Action potential conduction in the mouse and rat vagus nerve is dependent on multiple voltage-gated sodium channels (Na_V1s)

Action potential (AP) conduction depends on voltage-gated sodium channels, of which there are nine subtypes. The vagus nerve, comprised of sensory afferent fibers and efferent parasympathetic fibers, provides autonomic regulation of visceral organs, but the Na_V1 subtypes involved in its AP conduction are poorly defined. We studied the A- and C-waves of electrically-stimulated compound action potentials (CAP) of the mouse and rat vagus nerves with and without Na_V1 inhibitor administration: tetrodotoxin (TTX), PF-05089771 (mouse Na_V1.7), ProTX-II (Na_V1.7), ICA-121341 (Na_V1.1, Na_V1.3, Na_V1.6), LSN-3049227 (Na_V1.2, Na_V1.6, Na_V1.7) and A-803467 (Na_V1.8).
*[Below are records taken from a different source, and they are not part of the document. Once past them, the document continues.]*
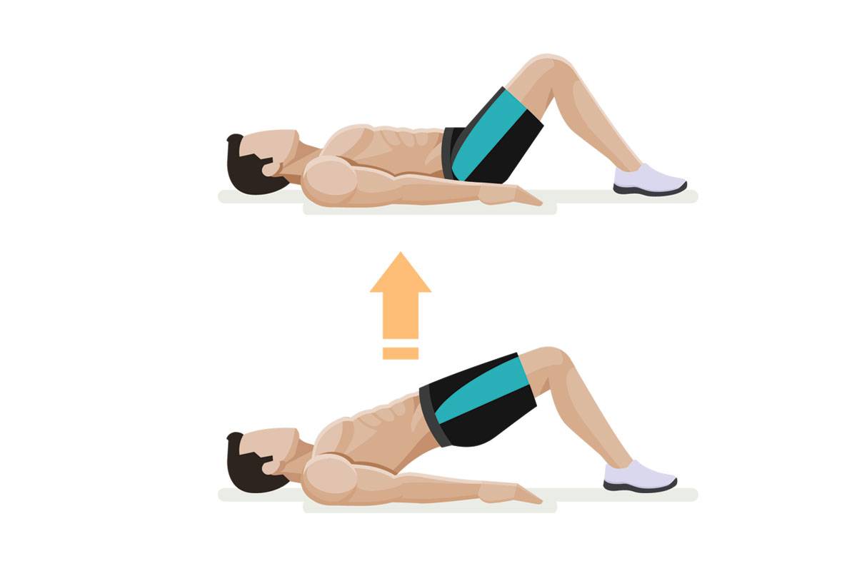 Еще одно упражнение для развития нижнего пресса и укрепления ягодиц. На выдохе поднимите бедра вверх, затем задержитесь в верхней точке. Плюсом данного упражнения станет и улучшение осанки — в частности, коррекция переднего наклона таза, возникающего от сидячей работы.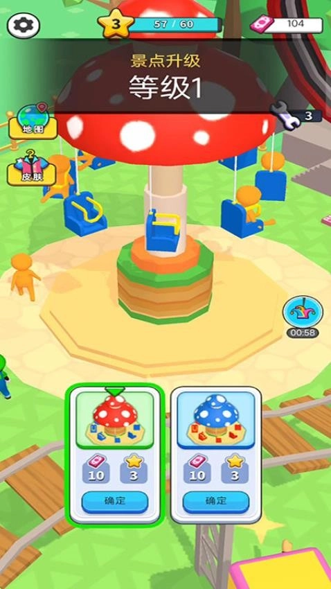 要时刻留意游乐园的等级提升情况,等级越高,解锁的建筑设施就会越多样,进而能帮助我们积累更多的资金财富。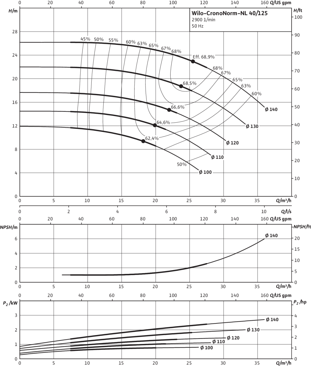 Электродвигатель IEC с 3 термодатчиками. Уплотнение вала посредством скользящего торцового уплотнения до температуры 120 В°C. Корпус из серого чугуна, вал из нержавеющей стали, рабочее колесо из серого чугуна (рабочее колесо из бронзы доступно за дополнительную плату). Электродвигатели с технологией IE3.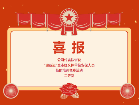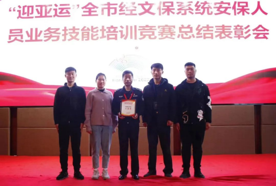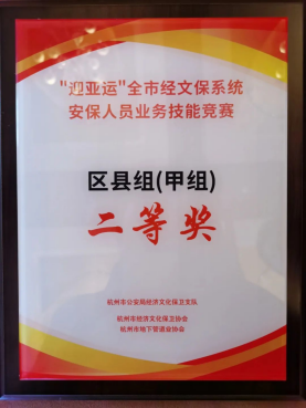 3月29日,由杭州市公安局经济文化保卫支队、杭州市经济文化保卫协会、浙江商业职业技术学院举办的“迎亚运”全市经文保系统安保人员技能培训竞赛活动圆满落幕。由景区公安分局带队、我公司选派的年青骨干保安队员组成的代表队,经过“亚运安保知识”“消防体能接力”“视频监控系统操作”“紧急救护”等环节紧张激烈的角逐,从行业单位共计14支参赛队伍中脱颖而出,获得了二等奖的好成绩。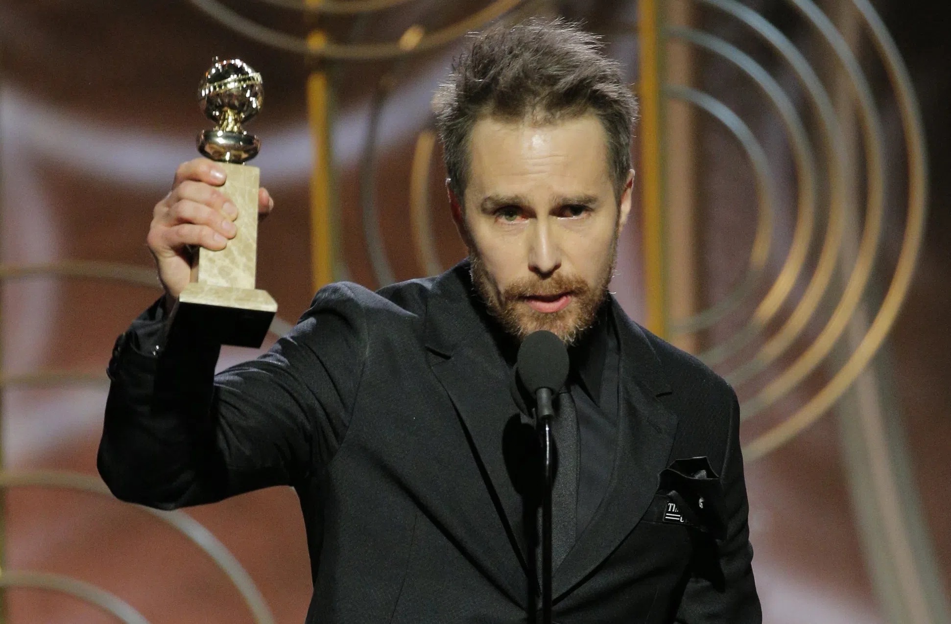 Sam Rockwell wins Best Performance by an Actor in a Supporting Role in Any Motion Picture at the 75th Annual Golden Globe Awards held at the Beverly Hilton Hotel on January 7, 2018.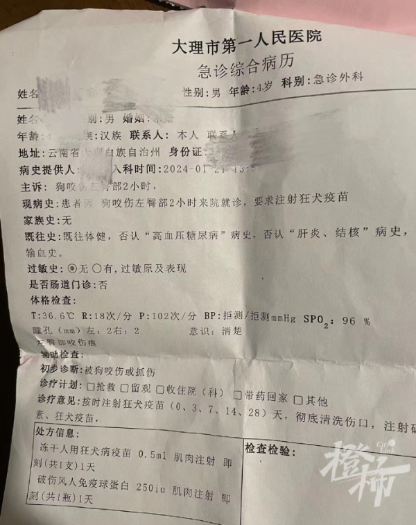 病历上写着,患者为男性,年龄4岁,入科时间是2024年1月23日下午1时53分,现病史为“患者因狗咬伤左臀部2小时来院就诊,要求注射狂犬疫苗”,医院给出的诊疗意见是“按时注射狂犬疫苗,彻底清洗伤口”等。
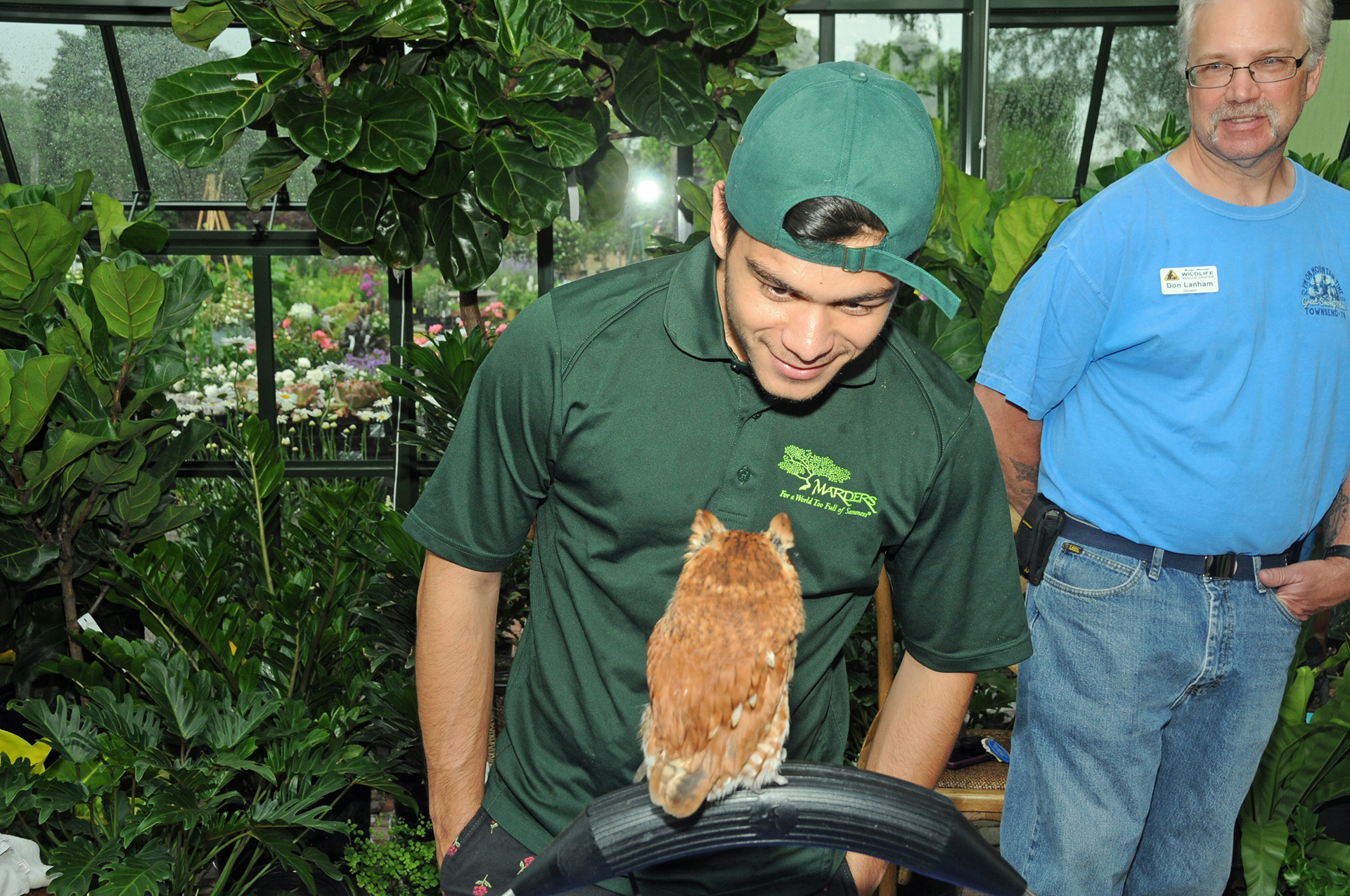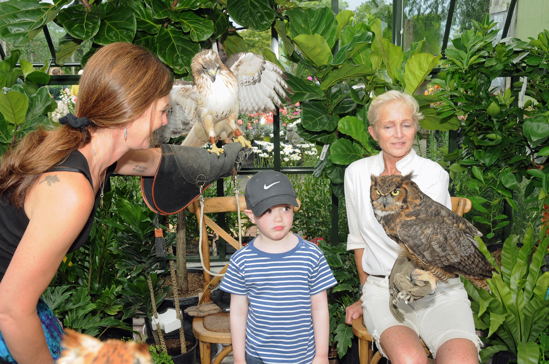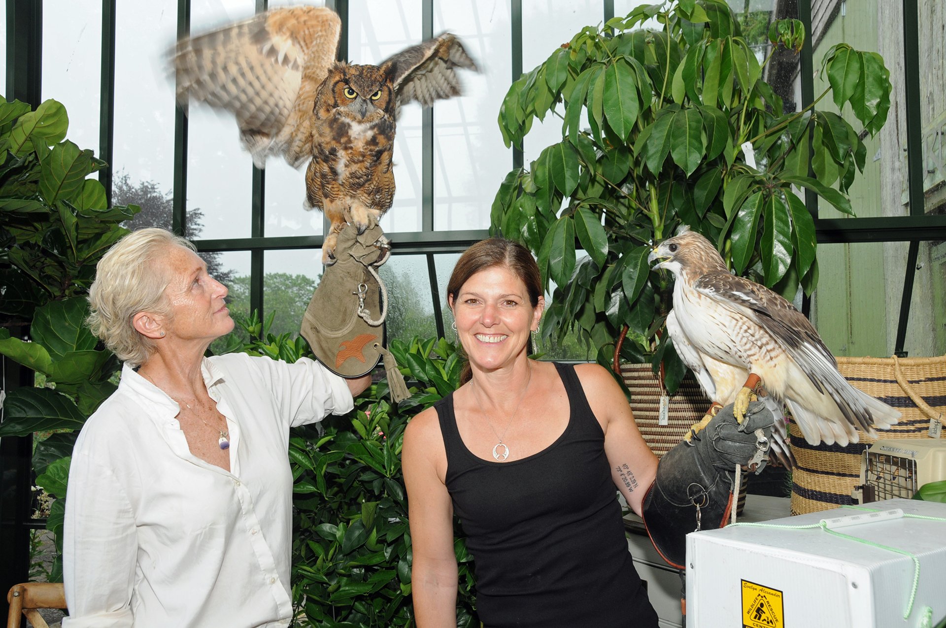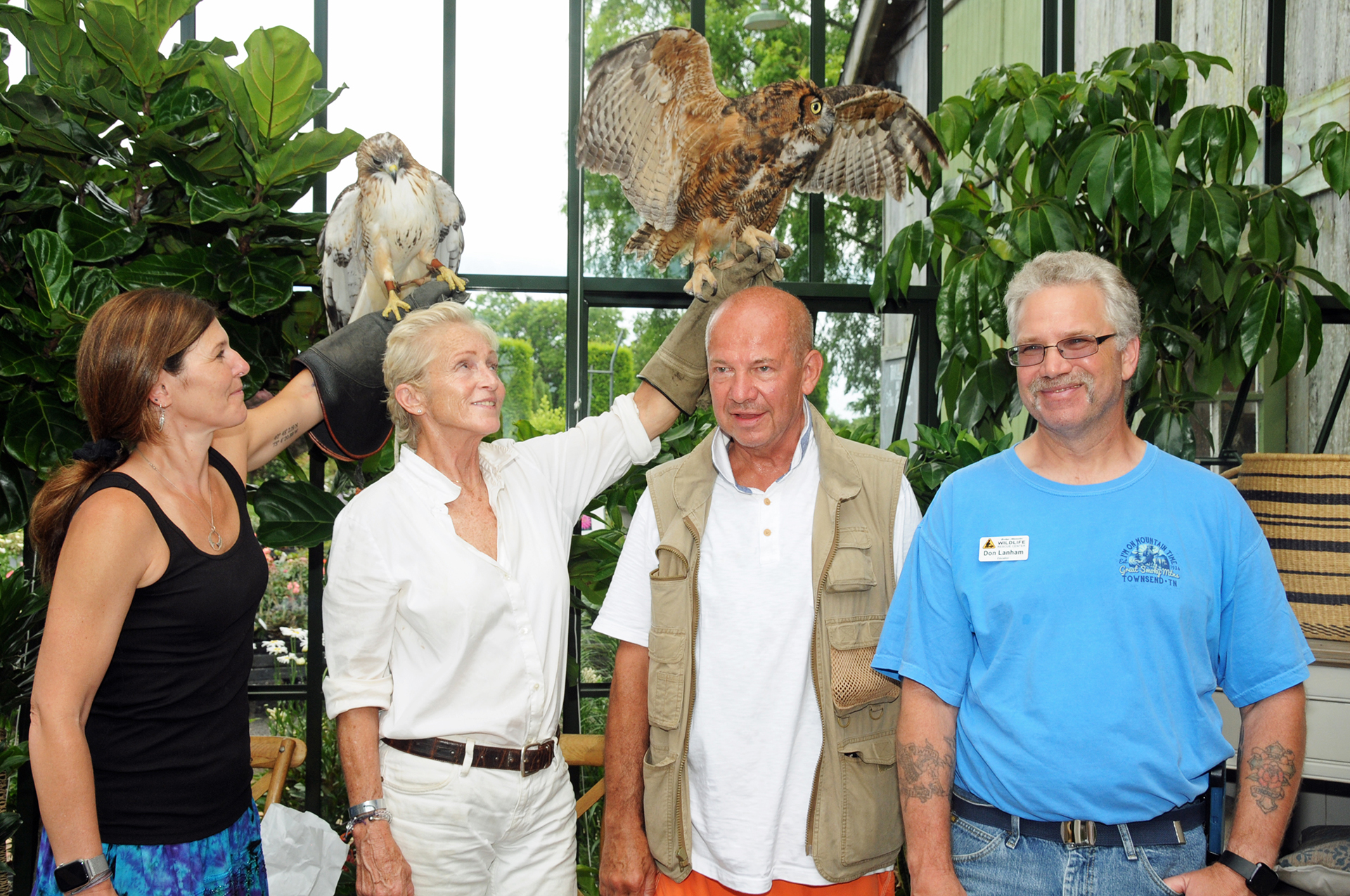 Visitors had a chance to meet Birds of Prey close up on Sunday, June 30, at Marders in Bridgehampton, as wildlife expert Jane Gill and crew brought a rescued owl and hawk from the Evelyn Alexander Rescue Center of East Quogue.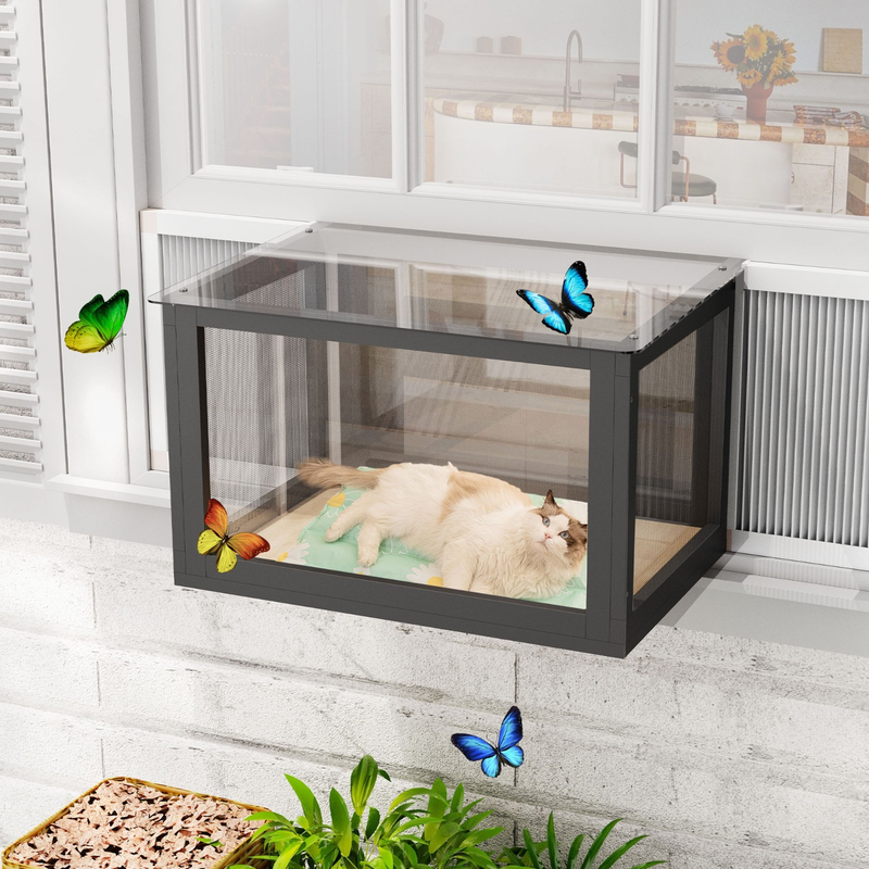 - Sunny Cat Window Box: The top and front of this cat window perch are made with crystal-clear acrylic glass, providing a full view for cats to watch the outside scenery and letting your cat bask in the sunlight while enjoying a cozy nap

We show that TTX-sensitive Na_V1 channels are essential for all vagal AP conduction. PF-05089771 but not ICA-121341 inhibited the mouse A-wave, which was abolished by LSN-3049227, suggesting roles for Na_V1.7 and Na_V1.2. The mouse C-wave was abolished by LSN-3049227 and a combination of PF-05089771 and ICA-121341, suggesting roles for Na_V1.7 and Na_V1.6. The rat A-wave was inhibited by ProTX-II, ICA-121341 and a combination of these inhibitors but only abolished by LSN-3049227, suggesting roles for Na_V1.7, Na_V1.6 and Na_V1.2. The rat C-wave was abolished by LSN-3049227 and a combination of ProTX-II and ICA-121341, suggesting roles for Na_V1.7 and Na_V1.6. A-803467 also inhibited the mouse and rat CAP suggesting a cooperative role for the TTX-resistant Na_V1.8. Overall, our data demonstrate that multiple Na_V1 subtypes contribute to vagal CAPs, with Na_V1.7 and Na_V1.8 playing predominant roles and Na_V1.6 and Na_V1.2 contributing to a different extent based upon nerve fiber type and species. Inhibition of these Na_V1 may impact autonomic regulation of visceral organs.